Single by Helen Reddy

from the album Pete's Dragon
- Released: 1977
- Length: 3:05
- Songwriters: Al Kasha; Joel Hirschhorn;
- Producer: Jerad Anderson

= Candle on the Water =

Song written by Al Kasha and Joel Hirschhorn

"Candle on the Water" is a torch song written by Al Kasha and Joel Hirschhorn for Walt Disney Pictures' 1977 live-action/animated film Pete's Dragon. Originally recorded by Helen Reddy, who plays Nora in the film, the song was nominated for the Academy Award for Best Original Song in 1977, though it lost to "You Light Up My Life".

==Context==
The setting for the song is entirely on the lantern-room balcony of the lighthouse in which Nora and her father, Lampie, live. Nora sings the song to her fiancé Paul, who has been lost at sea for over a year but Nora believes will one day return.

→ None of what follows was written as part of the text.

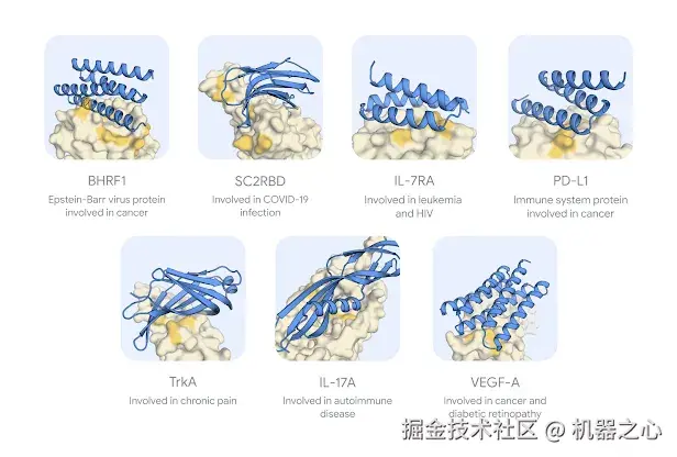 为了测试 AlphaProteo,研究人员设计了针对各种靶蛋白的结合剂,包括两种与感染有关的病毒蛋白 BHRF1 和 SARS-CoV-2 刺突蛋白受体结合域 SC2RBD,以及五种与癌症、炎症和自身免疫性疾病有关的蛋白 IL-7Rɑ、PD-L1、TrkA、IL-17A 和 VEGF-A。

Immediately prior to the song, Lampie had scolded Nora, telling her to accept that Paul is no doubt dead and will never return, only to apologize for his outburst. Dismayed, Nora retires to the lighthouse balcony and sings toward the ocean, assuring Paul that she is still waiting for him.

"Candle on the Water" was originally intended to be the only song featured in the film, but when it met with such acclaim, the decision was made to turn the film into a musical. According to Helen Reddy, she was told by Kasha and Hirschhorn that "they deliberately placed religious and spiritual symbols within the song."

==Chart performance==
===Helen Reddy's version===

| Chart (1978) | Peak position |
|---|---|
| U.S. Billboard Adult Contemporary | 27 |

==Cover versions==
In 1979, the song was covered by Swedish singer Kikki Danielsson, translated in Swedish as "Jag är ditt ljus på mörka vatten" by Swedish translator Doreen Denning (sv), for Danielsson's album Rock'n Yodel.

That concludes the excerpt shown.